■ What to do: For the data below, retype word for word the lines from the one containing "This is a green" through the one containing "Libere a imaginação"; drop the pictures.

■ Input data:
-*-*-

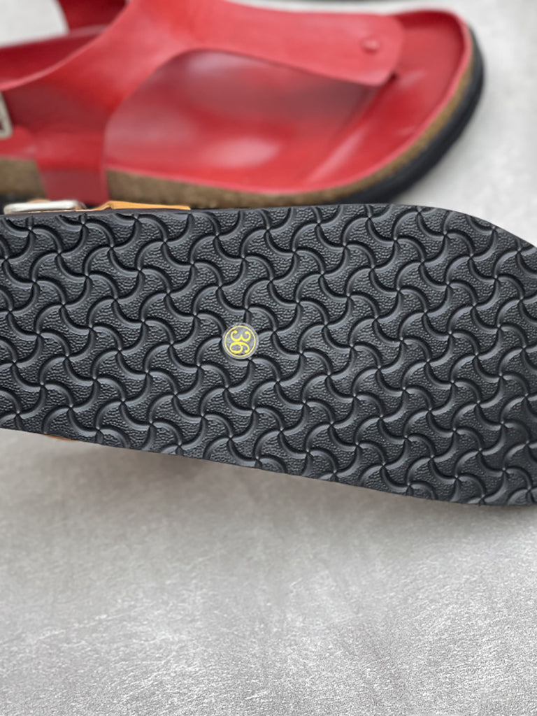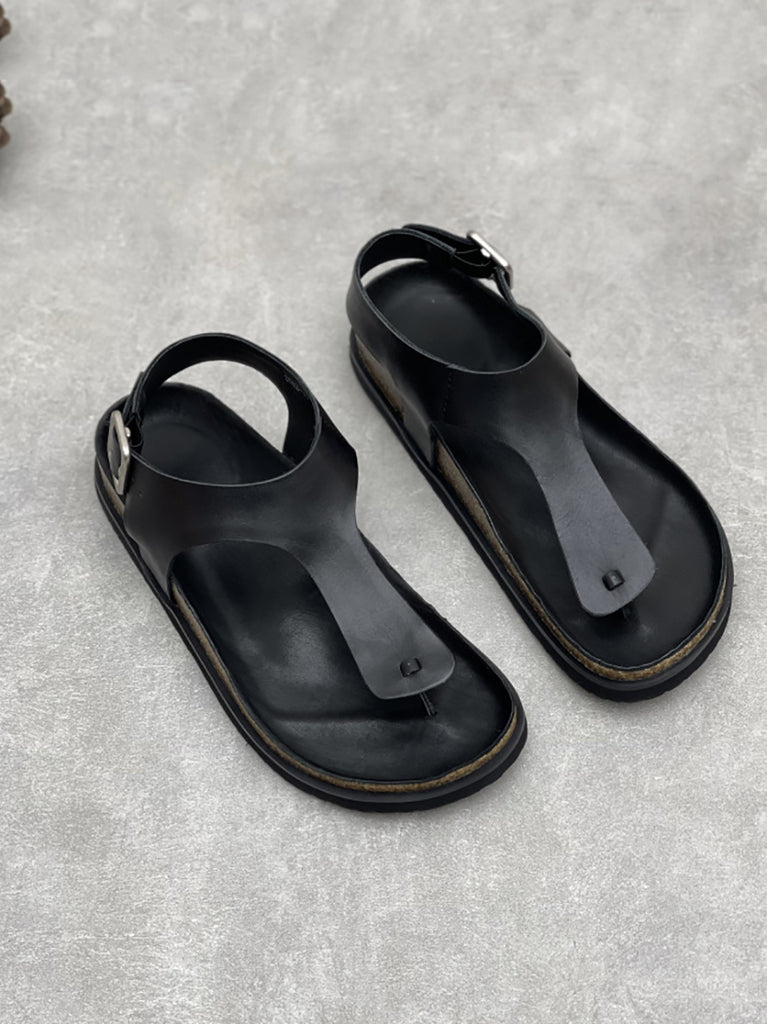 Sandalias de tacón bajo de piel auténtica de verano vintage para mujer
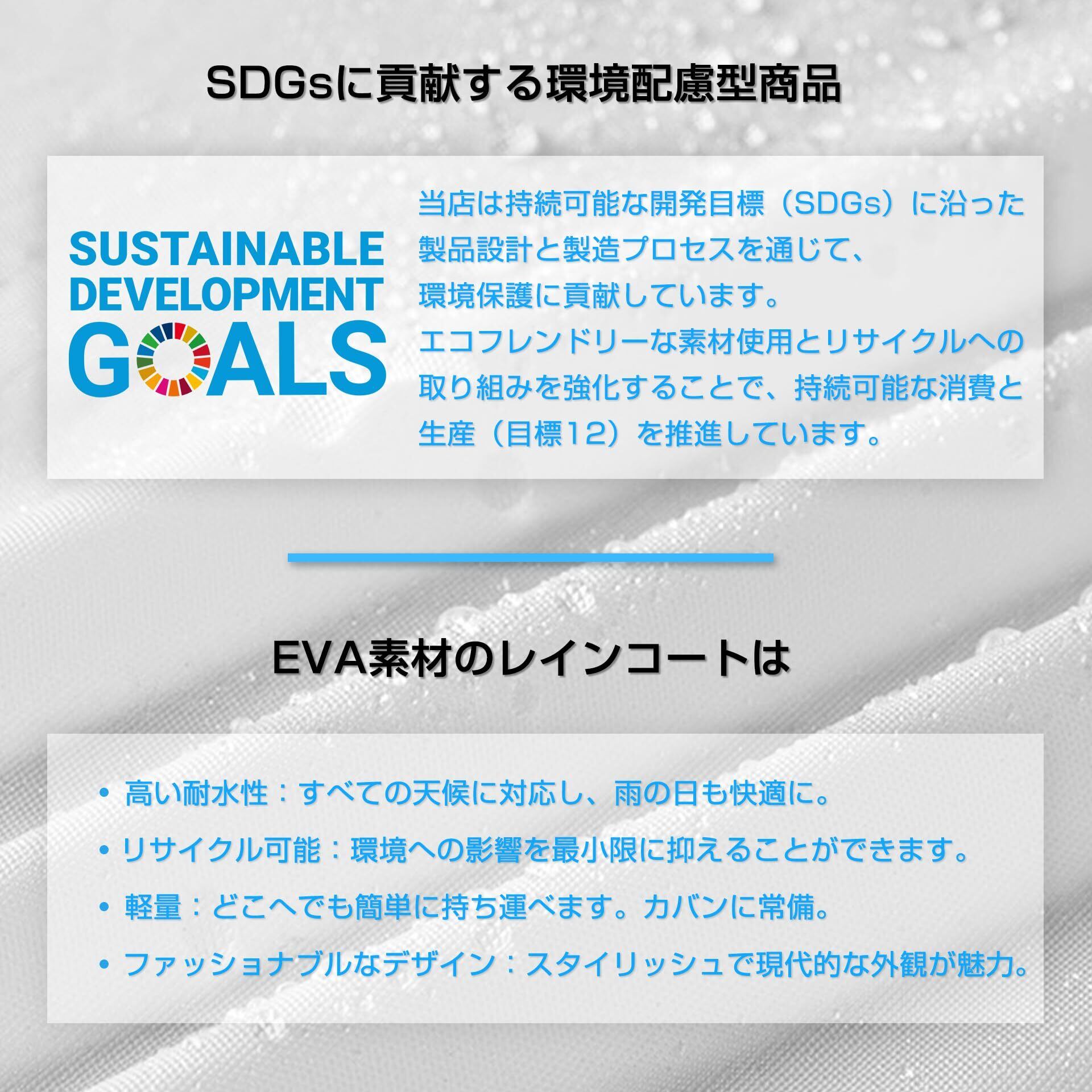 【SDGsへの貢献&品質管理】環境にやさしいEVA素材を使用し、再利用可能のために作られています。軽量で持ち運びやすく、レジャー、スポーツ観戦、アウトドアなど、防災アイテムとしても最適です。コンパクトに折りたたんでバッグに入れておけるので、荷物にならない便利なレインコートです。(※初期不良やご意見がある場合はいつでも商品ページの販売元をクリックして、「質問する」ボタンよりまでご連絡いただければ迅速に対応いたします。)
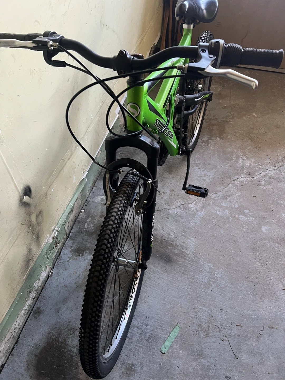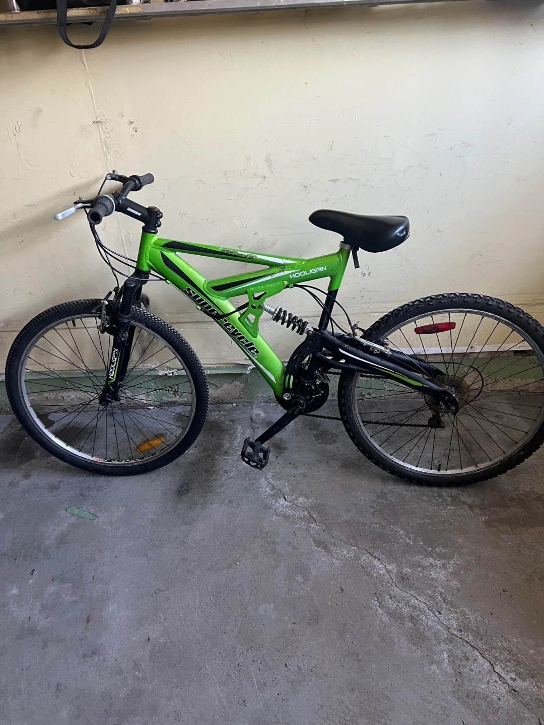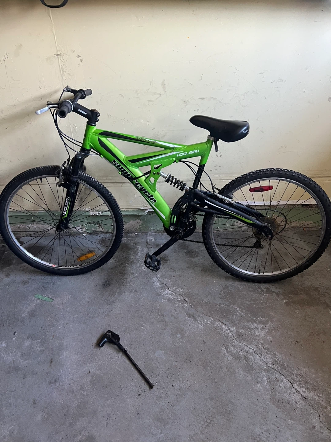 This is a green Supercycle Hooligan mountain bike. It has front and rear suspension for a smoother ride. Perfect for trail rides or casual cycling.
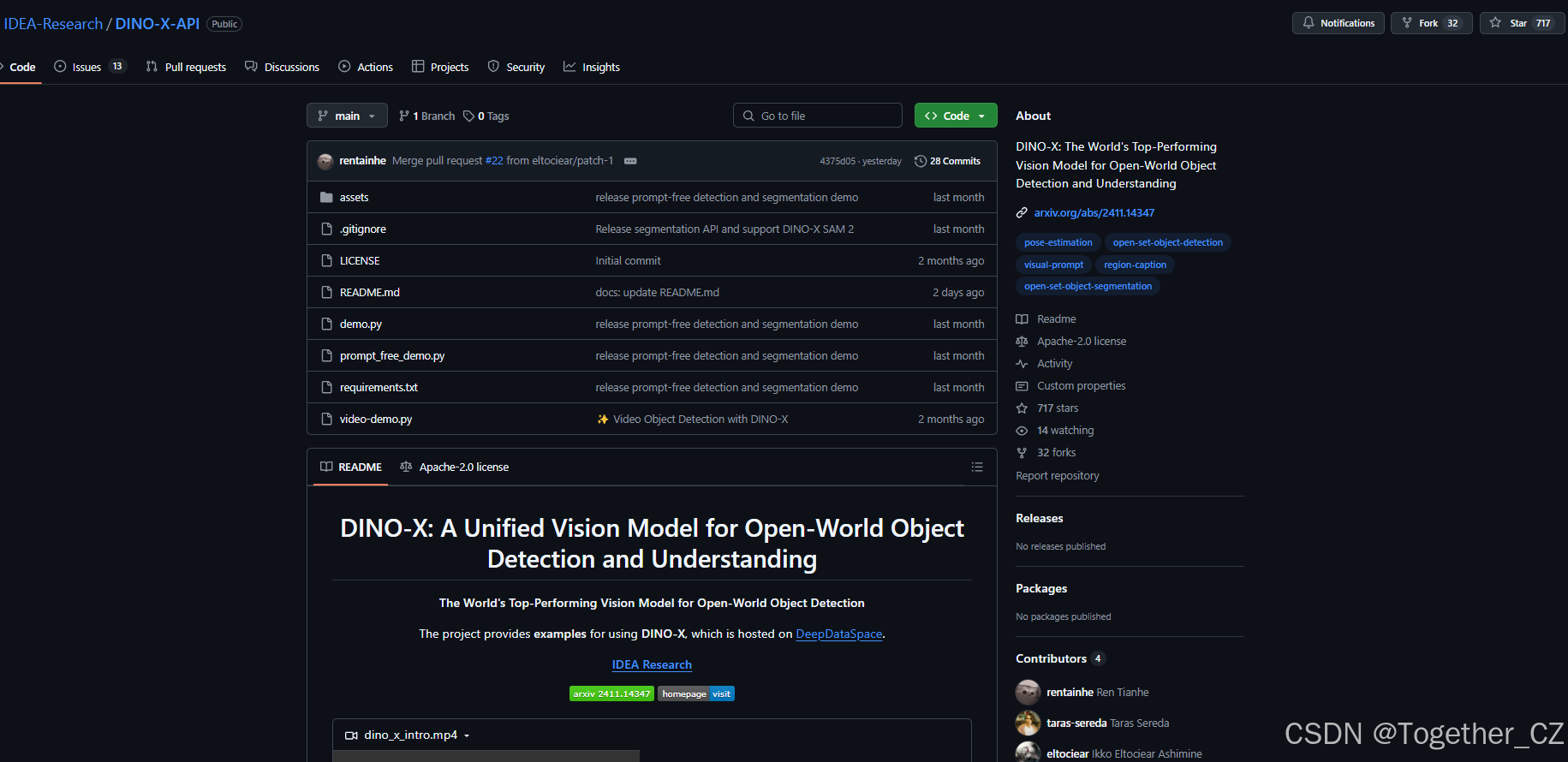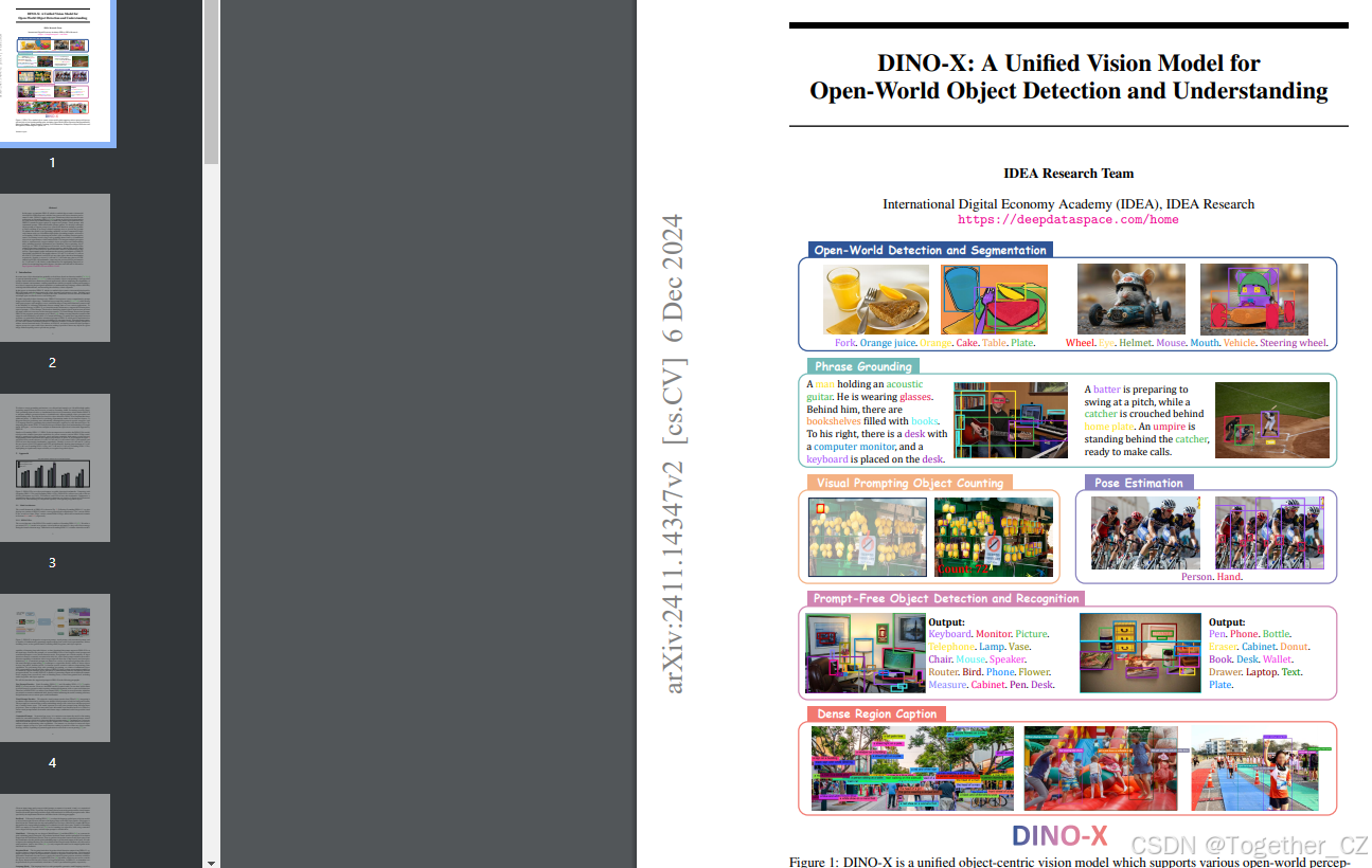 DINO-X 是一个功能强大且灵活的视觉模型,能够处理多种开放世界目标检测和理解任务,并在多个基准测试中取得了最先进的性能。这里是自己的论文阅读记录,感兴趣的话可以参考一下,如果需要阅读原文的话可以看这里,如下所示:
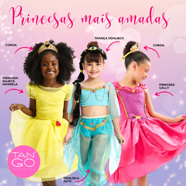 Libere a imaginação da sua pequena com esta encantadora Fantasia Princesa Cabelos Dourados Infantil Luxo Brilhante, perfeita para quem sonha com aventuras em torres altas e histórias mágicas. Com design inspirado em uma das princesas mais sonhadoras dos contos de fadas, o vestido combina tons suaves de rosa e lilás com detalhes dourados que trazem um toque real ao visual. Destaques do produto: • Corpo confeccionado em malha leve e brilhante, com ajuste confortável ao corpo e toque macio.• Recorte frontal com acabamento em galão dourado e fitas...
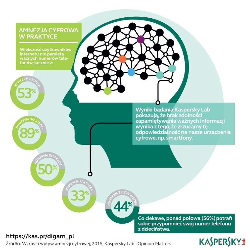 Jak wynika z raportu Kasperskiego, ponad połowa dorosłych internautów (ok. 60 proc.) pamięta dawnym numer telefonu do domu, w którym mieszkali w dzieciństwie. Jednak 53 proc. nie jest w stanie zapamiętać numeru telefonu swojego dziecka, a 51 proc. – numeru do swojego biura. Jedna trzecia ankietowanych nie potrafi wykręcić z pamięci numeru telefonu do swoich rodziców.
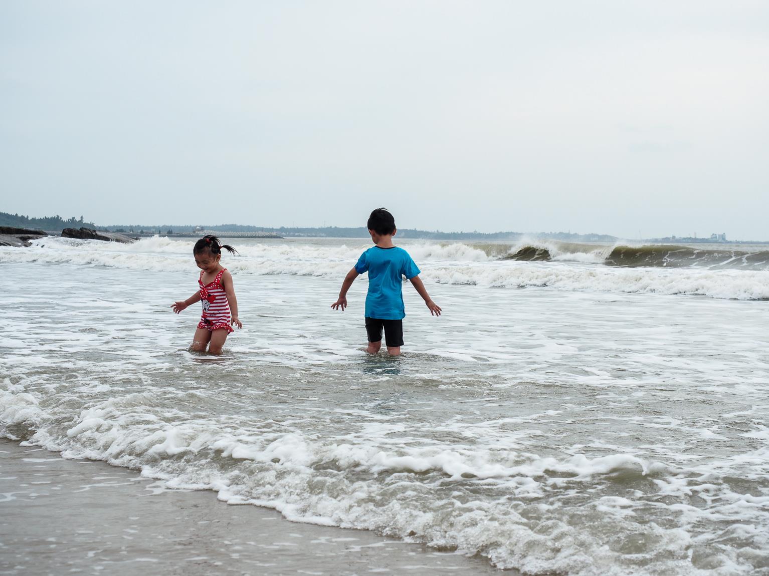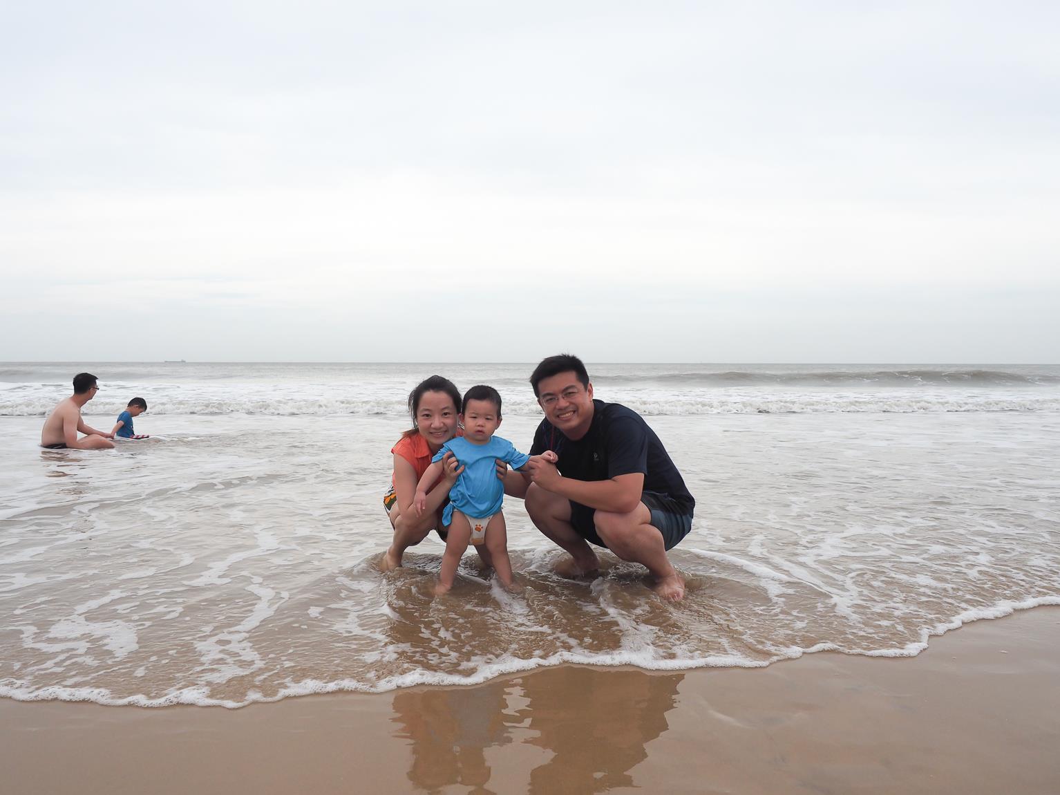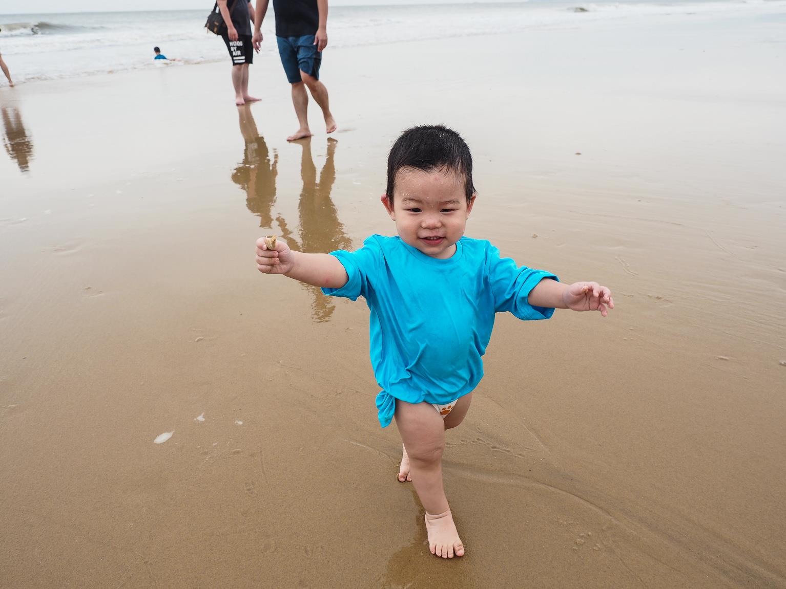 ↑因為昨天傍晚的天氣風太大,沒有讓小朋友好好的玩到水,所以今天一早,第一件事就是帶小朋友們來到成功海灘
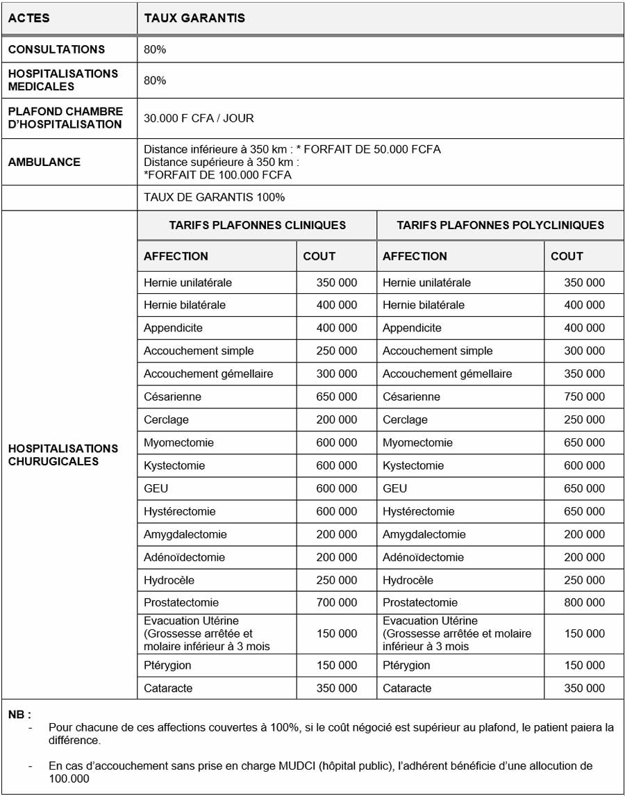 NB : Les frais liés à la grossesse et ceux occasionnés après l’accouchement jusqu’à la consultation post-natale seront pris en charge pour les mutualistes de sexe féminin et pour les conjointes déclarées par les mutualistes de sexe masculin après un délai de carence de neuf (09) mois à compter de la date d’adhésion.
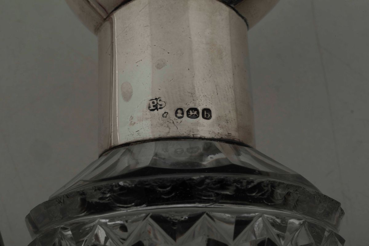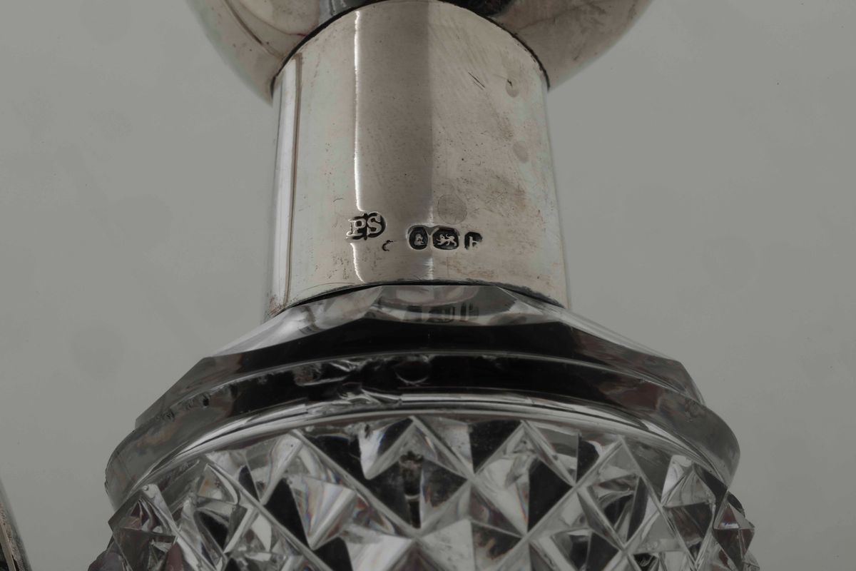 Coppia di ampolle in cristallo molato e argento. Inghilterra XIX secolo (Londra?) anno 1817. Marchio dell'argentiere Paul [..]
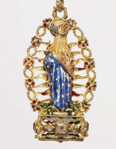 Keywords: Spanish - Reliquary Pendant with the Virgin and Child in Glory - Walters 44271 - Back.jpg Encrusted enamels set with jewels ca 1525 1550 Renaissance gold enamel diamonds cm 7 3 5 accession number 44 271 34749 Henry Walters city Baltimore in Paris Walters Art Museum Henry Walters Acquired by Henry Walters 1927 Jewelry - Ancient to Modern The Walters Art Gallery Baltimore 1979-1980 Objects of Adornment Five Thousand Years of Jewelry from the Walters Art Gallery Baltimore Cooper-Hewitt National Design Museum New York; Chrysler Museum of Art Norfolk; Carnegie Museum of Art Pittsburgh; San Antonio Museum of Art San Antonio; Philbrook Museum of Art Tulsa; Honolulu Academy of Arts Honolulu; New Orleans Museum of Art New Orleans; Milwaukee Art Museum Milwaukee; Minneapolis Institute of Arts Minneapolis; Toledo Museum of Art Toledo; The John and Mable Ringling Museum of Art Sarasota 1984-1987 Jewelry from the Walters Art Museum and the Zucker Family Collection The Walters Art Gallery Baltimore 1987 place of origin Spain Walters Art Museum license Renaissance applied arts in the Walters Art Museum Jewellery of Spain Media contributed by the Walters Art Museum needs category review Madonna and Child |
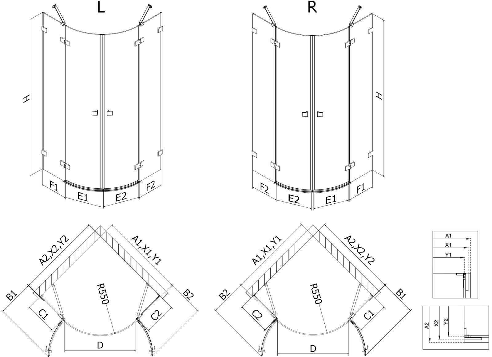 Les portes battantes permettent une liberté maximale lors de l'utilisation. Elles sont équipées de charnières solides fabriquées à partir d'un matériau durable, qui ne posent aucun problème de nettoyage et permettent un accès facile à l'intérieur de la cabine.

-*-*-

■ Task result:
 This is a green Supercycle Hooligan mountain bike. It has front and rear suspension for a smoother ride. Perfect for trail rides or casual cycling.
 DINO-X 是一个功能强大且灵活的视觉模型,能够处理多种开放世界目标检测和理解任务,并在多个基准测试中取得了最先进的性能。这里是自己的论文阅读记录,感兴趣的话可以参考一下,如果需要阅读原文的话可以看这里,如下所示:
 Libere a imaginação da sua pequena com esta encantadora Fantasia Princesa Cabelos Dourados Infantil Luxo Brilhante, perfeita para quem sonha com aventuras em torres altas e histórias mágicas. Com design inspirado em uma das princesas mais sonhadoras dos contos de fadas, o vestido combina tons suaves de rosa e lilás com detalhes dourados que trazem um toque real ao visual. Destaques do produto: • Corpo confeccionado em malha leve e brilhante, com ajuste confortável ao corpo e toque macio.• Recorte frontal com acabamento em galão dourado e fitas...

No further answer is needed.